Remember what the design team identified as one of the top five attributes of a modern muscle car? Horsepower, and lots of it. That’s why the 6.1-liter Hemi V8 from the SRT family is installed under the Dodge Challenger Concept’s carbon-fiber hood, making 425 galloping ponies at 6,000 rpm and 420 lb.-ft. of torque at 4,800 rpm. If that doesn’t impress you now that Ford claims a 500-horsepower rating for its new Shelby Cobra GT500, rest assured that Chrysler won’t let the Challenger come to market without a competitive engine. I mean, that would wreak havoc on the business case, wouldn’t it? A six-speed manual transmission sends the power to the rear wheels, making this the only car on the planet – that we know of – equipped with a 6.1-liter Hemi and a manual. No wonder it’s worth a cool mil, eh? A four-wheel short- and long-arm independent suspension keeps the wheels on the ground, wheels that wear P225/40R20 rubber up front and P265/45R21 treads in back.
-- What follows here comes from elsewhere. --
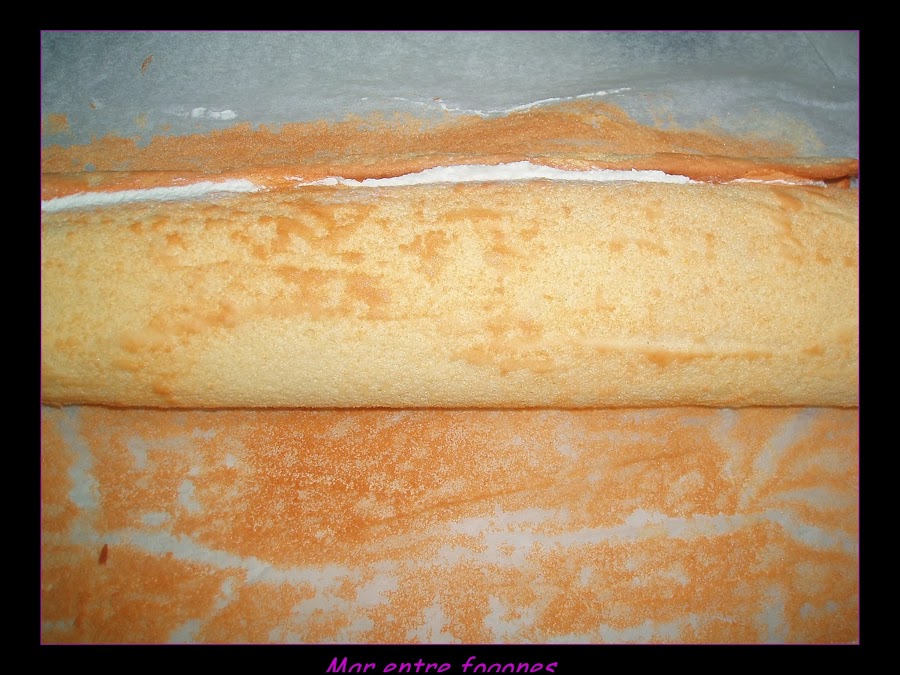 Ponemos una tira de turrón blando todo lo largo del bizcocho por donde vamos a empezar a enrollar.

If the dummy toggle switch on the dashboard is any indication, a production version of the Challenger would be equipped with electronic stability control that could be defeated for smoky burnouts. We would also expect four-wheel-disc brakes with electronic brake-force distribution and some kind of brake assist technology. After our driving and filming was complete, I interviewed Sam Locricchio (lo-creek-ee-o), whose title is ridiculously long so I’ll refer to him as “head PR dude.” I asked Locricchio what the next cool concept car from Chrysler might be, especially now that fuel economy and gas prices are at the top of every consumer’s mind. Might we see a thrifty Dodge Omni, or maybe a spiffy Shadow America next? He clearly wondered what kind of imbecile he was dealing with.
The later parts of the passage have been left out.